# Task item
Beneath this line sits some data. Return only its lines from the one holding "A very blurry" through the one holding "Japanese E-girl Gothic", inclusive, exactly, with the images removed.
***** Information given *****
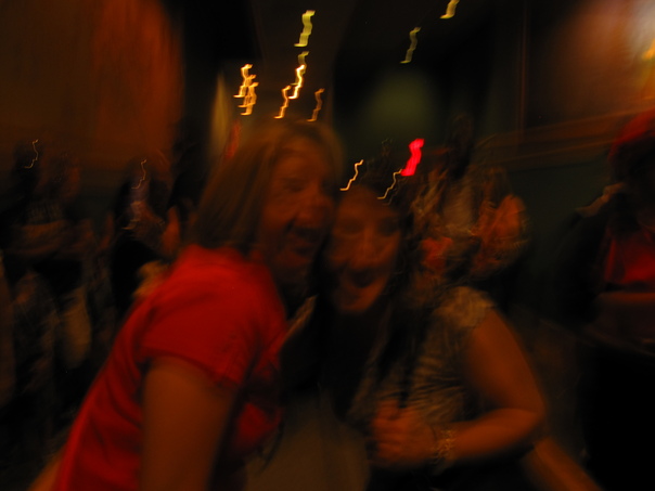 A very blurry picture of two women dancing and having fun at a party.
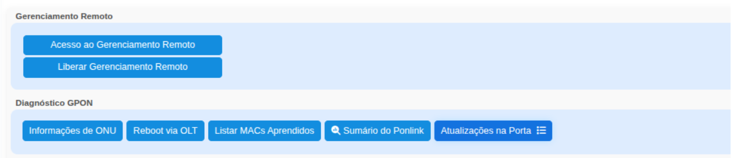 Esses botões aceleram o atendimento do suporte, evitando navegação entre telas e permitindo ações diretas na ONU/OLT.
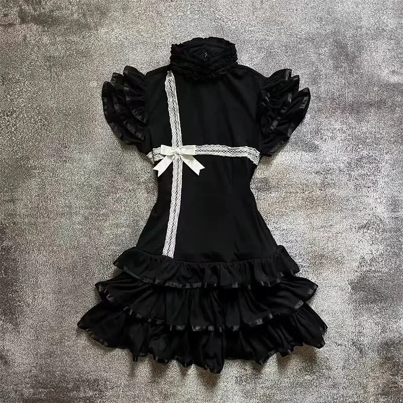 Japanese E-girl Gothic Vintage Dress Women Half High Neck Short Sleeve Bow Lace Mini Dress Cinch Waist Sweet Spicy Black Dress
*****
***** Information given *****
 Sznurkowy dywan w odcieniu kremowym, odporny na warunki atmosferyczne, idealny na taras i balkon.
*****
# Answer below
 A very blurry picture of two women dancing and having fun at a party.
 Esses botões aceleram o atendimento do suporte, evitando navegação entre telas e permitindo ações diretas na ONU/OLT.
 Japanese E-girl Gothic Vintage Dress Women Half High Neck Short Sleeve Bow Lace Mini Dress Cinch Waist Sweet Spicy Black Dress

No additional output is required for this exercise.